- [ENTRIES SHOWN]
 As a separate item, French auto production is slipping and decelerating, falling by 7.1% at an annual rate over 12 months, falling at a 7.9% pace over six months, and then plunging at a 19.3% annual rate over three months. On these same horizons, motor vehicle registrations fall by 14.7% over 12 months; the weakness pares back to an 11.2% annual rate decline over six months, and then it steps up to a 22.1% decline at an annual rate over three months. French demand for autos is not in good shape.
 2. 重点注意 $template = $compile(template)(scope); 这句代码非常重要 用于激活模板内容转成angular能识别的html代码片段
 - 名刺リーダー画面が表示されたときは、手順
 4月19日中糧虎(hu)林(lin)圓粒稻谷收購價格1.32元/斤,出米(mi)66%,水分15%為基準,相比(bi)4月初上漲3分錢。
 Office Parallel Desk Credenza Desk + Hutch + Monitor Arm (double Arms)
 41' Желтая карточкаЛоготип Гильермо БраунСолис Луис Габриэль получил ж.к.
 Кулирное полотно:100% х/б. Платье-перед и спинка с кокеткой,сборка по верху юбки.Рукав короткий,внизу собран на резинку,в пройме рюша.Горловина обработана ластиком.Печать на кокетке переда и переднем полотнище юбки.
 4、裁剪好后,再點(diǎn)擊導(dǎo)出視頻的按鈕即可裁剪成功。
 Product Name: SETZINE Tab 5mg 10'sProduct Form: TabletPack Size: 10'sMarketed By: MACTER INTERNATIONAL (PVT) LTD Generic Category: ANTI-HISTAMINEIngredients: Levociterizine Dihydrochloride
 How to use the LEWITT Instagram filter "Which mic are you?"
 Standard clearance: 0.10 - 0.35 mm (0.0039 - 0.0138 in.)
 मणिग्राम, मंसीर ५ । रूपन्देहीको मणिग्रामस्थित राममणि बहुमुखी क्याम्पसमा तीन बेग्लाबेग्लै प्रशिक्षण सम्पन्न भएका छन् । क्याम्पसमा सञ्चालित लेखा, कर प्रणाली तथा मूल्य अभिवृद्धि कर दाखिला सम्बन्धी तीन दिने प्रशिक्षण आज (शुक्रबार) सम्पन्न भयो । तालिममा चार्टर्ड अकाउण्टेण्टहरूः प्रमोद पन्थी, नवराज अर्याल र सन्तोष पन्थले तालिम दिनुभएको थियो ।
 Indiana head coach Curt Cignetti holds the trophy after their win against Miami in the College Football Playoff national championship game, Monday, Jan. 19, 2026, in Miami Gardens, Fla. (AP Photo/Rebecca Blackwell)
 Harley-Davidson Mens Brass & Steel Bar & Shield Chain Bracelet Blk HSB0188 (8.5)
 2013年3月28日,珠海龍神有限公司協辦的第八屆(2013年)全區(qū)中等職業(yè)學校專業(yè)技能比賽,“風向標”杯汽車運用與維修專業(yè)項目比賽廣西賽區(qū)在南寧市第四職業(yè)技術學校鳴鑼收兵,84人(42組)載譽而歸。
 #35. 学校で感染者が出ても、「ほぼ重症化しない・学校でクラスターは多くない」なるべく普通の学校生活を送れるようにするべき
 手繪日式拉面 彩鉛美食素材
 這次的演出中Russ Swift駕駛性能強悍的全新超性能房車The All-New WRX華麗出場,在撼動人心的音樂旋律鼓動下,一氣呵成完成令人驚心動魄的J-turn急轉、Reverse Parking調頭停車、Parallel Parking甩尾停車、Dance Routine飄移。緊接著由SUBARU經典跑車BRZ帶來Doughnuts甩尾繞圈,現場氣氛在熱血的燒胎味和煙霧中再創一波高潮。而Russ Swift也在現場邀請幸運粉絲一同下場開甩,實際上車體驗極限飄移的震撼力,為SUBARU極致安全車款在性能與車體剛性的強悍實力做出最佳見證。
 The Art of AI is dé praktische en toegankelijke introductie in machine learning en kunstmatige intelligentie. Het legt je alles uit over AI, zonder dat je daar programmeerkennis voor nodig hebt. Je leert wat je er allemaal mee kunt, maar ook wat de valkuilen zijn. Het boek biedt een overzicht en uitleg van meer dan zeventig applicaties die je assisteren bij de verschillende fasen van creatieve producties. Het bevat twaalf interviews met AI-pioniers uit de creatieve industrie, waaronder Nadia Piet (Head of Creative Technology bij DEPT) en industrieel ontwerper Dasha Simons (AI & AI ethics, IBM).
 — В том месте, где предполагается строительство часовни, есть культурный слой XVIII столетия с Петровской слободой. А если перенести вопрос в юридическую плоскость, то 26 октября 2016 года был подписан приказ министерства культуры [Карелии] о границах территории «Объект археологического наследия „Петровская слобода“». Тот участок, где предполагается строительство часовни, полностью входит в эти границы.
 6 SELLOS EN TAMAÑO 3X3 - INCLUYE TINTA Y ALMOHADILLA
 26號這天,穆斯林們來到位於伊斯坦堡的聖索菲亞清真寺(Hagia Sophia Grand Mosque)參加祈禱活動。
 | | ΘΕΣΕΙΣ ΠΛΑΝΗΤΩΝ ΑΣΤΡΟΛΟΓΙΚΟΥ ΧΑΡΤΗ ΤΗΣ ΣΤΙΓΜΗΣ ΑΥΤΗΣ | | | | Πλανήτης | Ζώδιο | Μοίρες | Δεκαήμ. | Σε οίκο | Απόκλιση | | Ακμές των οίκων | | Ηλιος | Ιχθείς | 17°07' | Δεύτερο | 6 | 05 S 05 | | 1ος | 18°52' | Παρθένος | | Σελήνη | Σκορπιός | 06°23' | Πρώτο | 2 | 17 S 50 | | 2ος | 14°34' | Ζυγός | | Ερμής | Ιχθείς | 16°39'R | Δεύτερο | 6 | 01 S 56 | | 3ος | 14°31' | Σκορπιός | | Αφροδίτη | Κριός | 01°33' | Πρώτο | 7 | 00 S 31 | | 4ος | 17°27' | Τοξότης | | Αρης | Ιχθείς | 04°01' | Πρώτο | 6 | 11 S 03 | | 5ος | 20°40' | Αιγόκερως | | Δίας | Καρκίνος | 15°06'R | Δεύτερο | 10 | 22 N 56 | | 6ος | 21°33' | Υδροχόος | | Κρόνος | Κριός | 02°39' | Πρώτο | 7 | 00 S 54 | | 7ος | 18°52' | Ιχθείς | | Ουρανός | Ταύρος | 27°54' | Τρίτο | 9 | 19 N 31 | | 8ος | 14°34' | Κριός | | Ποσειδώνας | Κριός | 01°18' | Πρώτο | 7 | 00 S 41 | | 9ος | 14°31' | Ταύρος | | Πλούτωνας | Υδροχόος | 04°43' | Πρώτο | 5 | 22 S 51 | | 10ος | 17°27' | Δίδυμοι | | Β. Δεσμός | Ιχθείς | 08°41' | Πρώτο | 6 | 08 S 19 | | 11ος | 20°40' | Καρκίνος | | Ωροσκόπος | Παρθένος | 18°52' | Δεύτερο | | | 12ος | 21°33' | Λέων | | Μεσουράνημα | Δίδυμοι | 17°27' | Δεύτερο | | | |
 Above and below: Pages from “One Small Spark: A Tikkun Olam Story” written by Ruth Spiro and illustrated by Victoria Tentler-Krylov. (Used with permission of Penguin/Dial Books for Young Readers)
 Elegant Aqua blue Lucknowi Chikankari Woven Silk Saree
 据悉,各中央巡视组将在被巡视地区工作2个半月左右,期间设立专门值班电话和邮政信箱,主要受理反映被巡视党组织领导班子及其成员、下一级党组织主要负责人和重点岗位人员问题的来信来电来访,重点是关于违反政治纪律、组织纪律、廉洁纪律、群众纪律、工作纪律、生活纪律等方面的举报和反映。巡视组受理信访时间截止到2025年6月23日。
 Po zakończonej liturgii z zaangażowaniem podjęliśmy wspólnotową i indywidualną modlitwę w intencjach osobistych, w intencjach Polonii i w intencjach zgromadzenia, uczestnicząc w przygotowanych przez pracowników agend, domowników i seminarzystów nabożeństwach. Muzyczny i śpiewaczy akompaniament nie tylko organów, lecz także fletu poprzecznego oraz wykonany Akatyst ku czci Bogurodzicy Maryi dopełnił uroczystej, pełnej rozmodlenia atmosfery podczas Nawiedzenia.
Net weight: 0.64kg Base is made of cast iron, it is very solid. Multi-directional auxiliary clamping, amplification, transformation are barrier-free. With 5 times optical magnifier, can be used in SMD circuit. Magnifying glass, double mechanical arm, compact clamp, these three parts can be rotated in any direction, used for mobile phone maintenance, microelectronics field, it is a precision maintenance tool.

- [WHAT THE TASK ASKS]
All lines above from the one holding "6 SELLOS EN" to the one holding "26號這天,穆斯林們來到位於伊斯坦堡的聖索菲亞清真寺(Hagia Sophia Grand", inclusive, are to be copied exactly; no other line is wanted.

- [TASK RESPONSE]
 6 SELLOS EN TAMAÑO 3X3 - INCLUYE TINTA Y ALMOHADILLA
 26號這天,穆斯林們來到位於伊斯坦堡的聖索菲亞清真寺(Hagia Sophia Grand Mosque)參加祈禱活動。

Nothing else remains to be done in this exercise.